Господа Корчагин и Миронов, стараясь защититься от обвинения в фашизме, представили себя русскими националистами, подчеркнув, что это означает любовь к России, ее народу, культуре, истории. Правда, они не уточнили, что именно в русской культуре или истории им нравится. На протяжении часа нам говорили только о ненависти и о евреях. Любая ненависть есть грех. Антисемитизм, каковы бы ни были его причины, не исключение. Причем грех смертный, т.е. лишающий человека жизни вечной. «Всякий ненавидящий брата своего есть человекоубийца; а вы знаете, что никакой человекоубийца не имеет жизни вечной, в нем пребывающей» (1 Ин 3:15).
Антисемитизм, как впрочем, и любая другая расовая дискриминация, есть не только презрение к другому человеку как носителю образа Божия, но и (на сей раз это уже его исключительная черта) унижение Христа и Богородицы. Поэтому Православная Церковь в лице ее истинных пастырей, убежденных в том, что христианство есть «свет миру», «соль земли», то, что сохраняет человечество от распада и гниения, всегда выражала свое неприятие антисемитизма в любых его проявлениях. Вот как оценивал участие тех, кто называл себя христианами, в кишиневском погроме 1903 года выдающийся пастырь митрополит Антоний (Храповицкий): «Страшись же, христианин, обижать священное, хотя и отвергнутое племя. Страшная казнь Божия постигнет тех злодеев, которые проливают кровь, родственную Богочеловеку, Его Пречистой Матери, апостолам и пророкам. Не говори, что эта кровь священна только в прошедшем… Верующие в Бога и во Христа Его, бойтесь мести Господней за народ Свой. Страшитесь обижать наследников обетования, хотя и отвергнутых. За неверие их будет судить Господь, а не мы…»

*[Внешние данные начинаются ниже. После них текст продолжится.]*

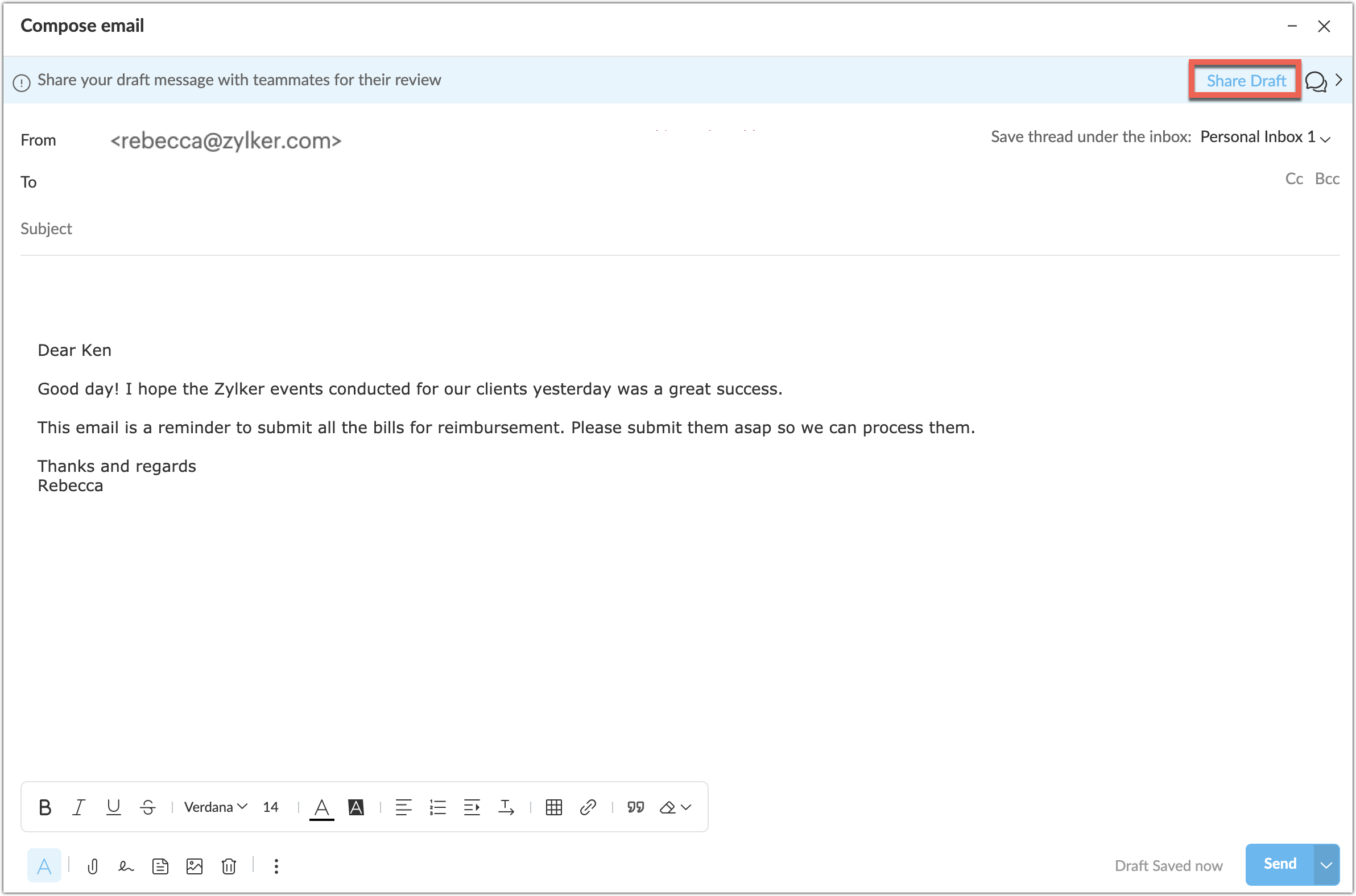Zoho TeamInbox lets you to compose an email and send it from your personal inbox. This way you don't have to go to another application every time to send out personal emails, you can manage them right from Zoho TeamInbox.
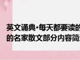 大家好,今天小方来说说一篇关于英文诵典·每天都要读的名家散文,关于英文诵典·每天都要读的名家散文部分内容简述的文章,那么现在就为大 浏览全文>>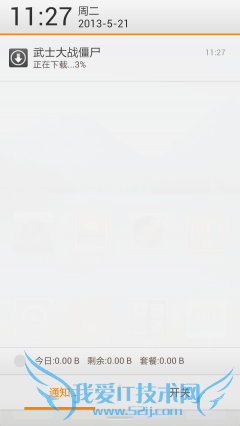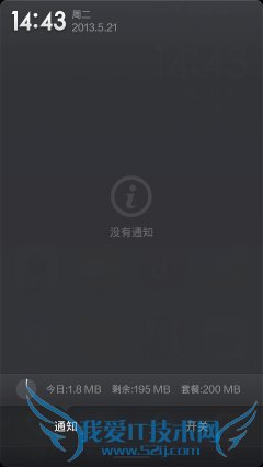 MIUI V5的通知栏变为了黑橙搭配,边缘加入圆角元素。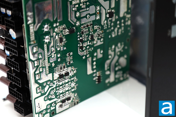 At the very back, we have a large daughterboard covering the entire rear panel for the modular cable sockets. All connection points are soldered directly to the add-on PCB after the secondary stage to reduce power transmission loss compared to having wires. The output connector configuration can be seen on the previous page.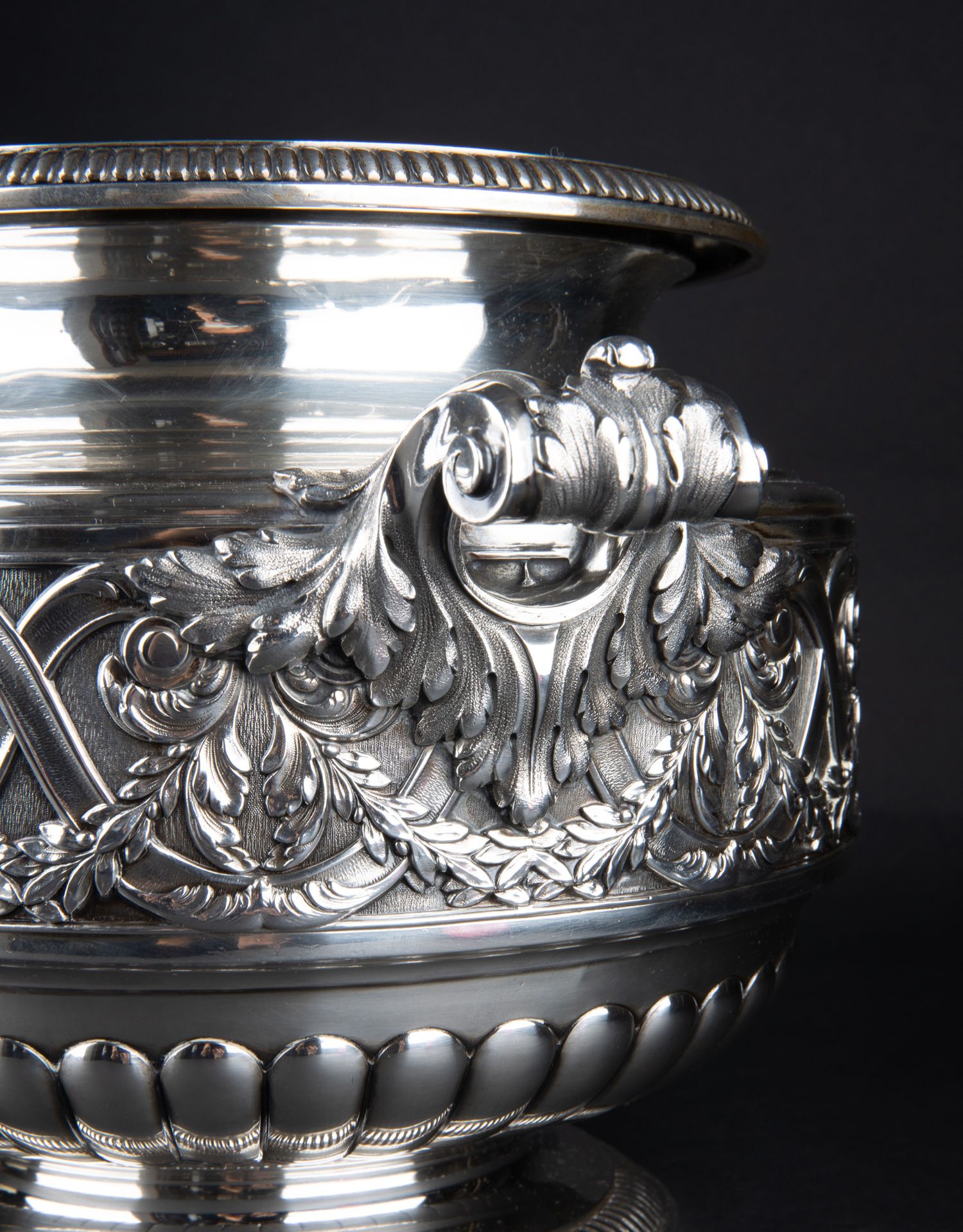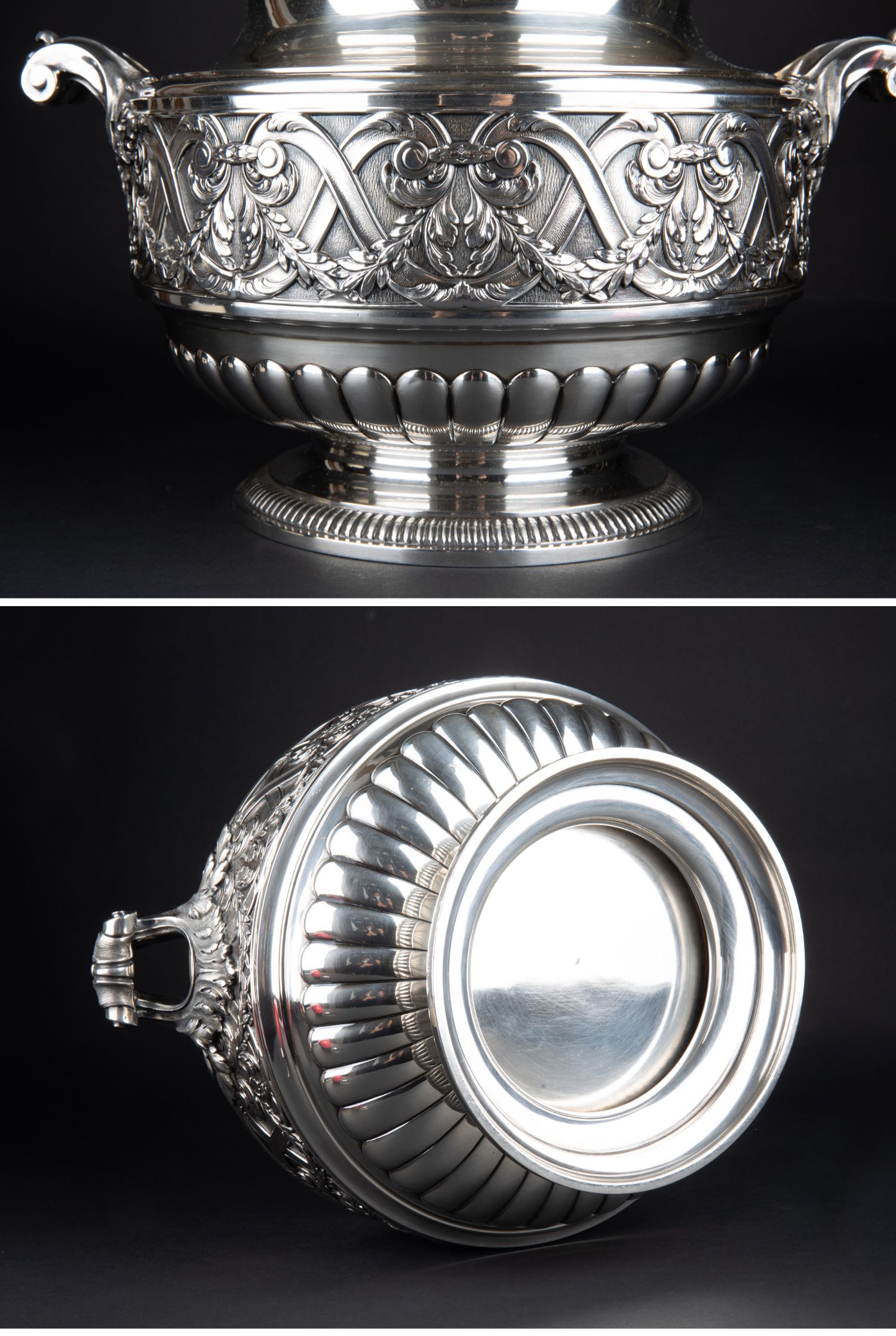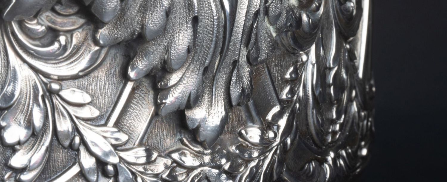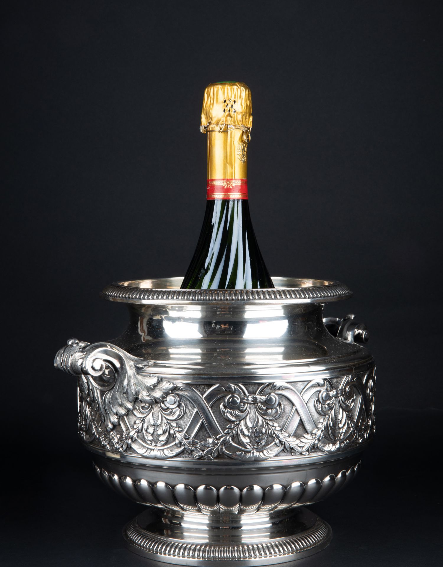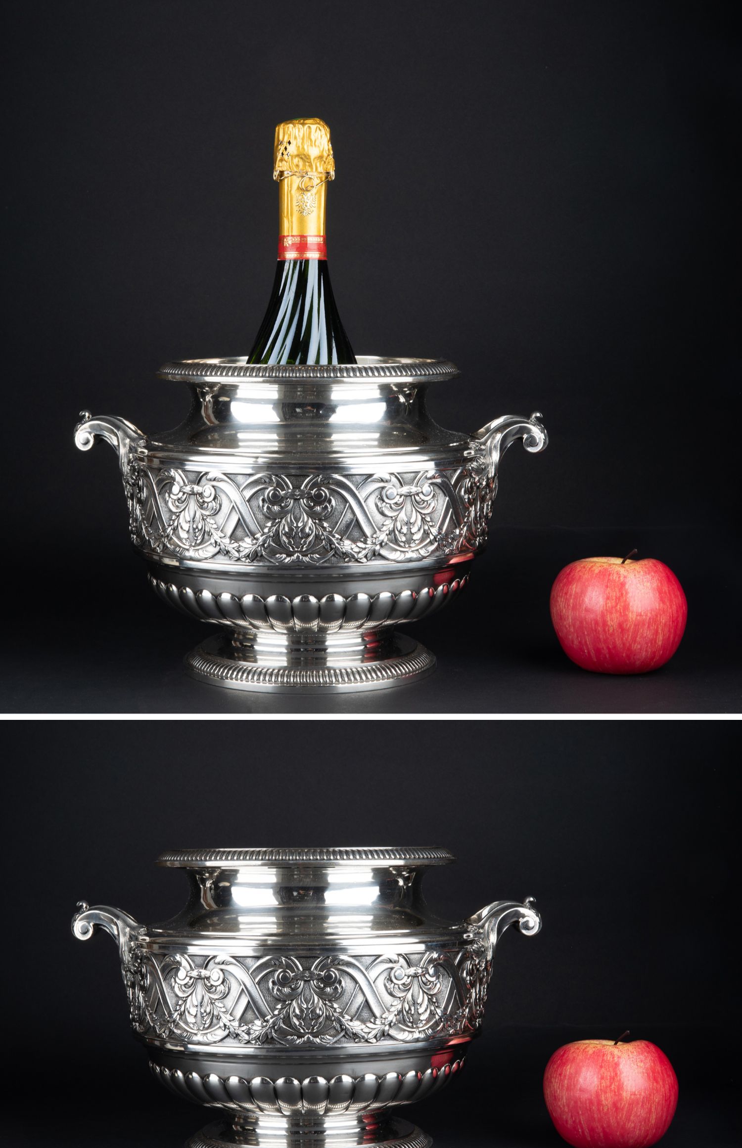 独角鹿西洋古董银器法国Olier&Caron路易十六风格纯银双耳香槟桶

Впрочем, чтобы устрашиться или хотя бы задуматься над этими словами, надо веровать во Христа. Оказывается, для русских националистов (а точнее, нацистов, дабы не путать с многими замечательными русскими мыслителями, стоящими на национальных позициях, начиная со славянофилов и заканчивая А.Солженицыным) это необязательно. Выступление господ Корчагина и Миронова лишний раз утвердило меня в мысли, что фашизм, русский в частности, есть по сути своей явление языческое. Он только демагогически пользуется противостоянием между христианством и иудаизмом. То, что прозвучало в ответ на вопрос о Христе, Сыне Израиля, на богословском языке называется ересь, хула на Сына Человеческого. Ибо отрицание у Господа нашего Иисуса Христа национальной принадлежности есть отрицание реальности его вочеловечения, так как в каждом из нас течет кровь наших предков той или иной национальности. Церковь исповедует во Христе человеческую природу, во всем подобную нам, кроме греха. Отрицание же человеческой природы Христа есть отрицание Боговоплощения. Эта ересь не нова, еще апостол Иоанн Богослов предупреждал своих учеников: «Всякий дух, который не исповедует Иисуса Христа, пришедшего во плоти, не есть от Бога, но это дух антихриста» (1 Ин 4:3). Конечно, воплощение Сына Божия – «Слово плоть бысть» (Ин 1:4) – соединило его со всем человеческим родом без всякого ограничения и исключения. Однако оно совершилось в истории, в определенном месте и времени, через посредство «избранного» и к тому приуготовленного народа.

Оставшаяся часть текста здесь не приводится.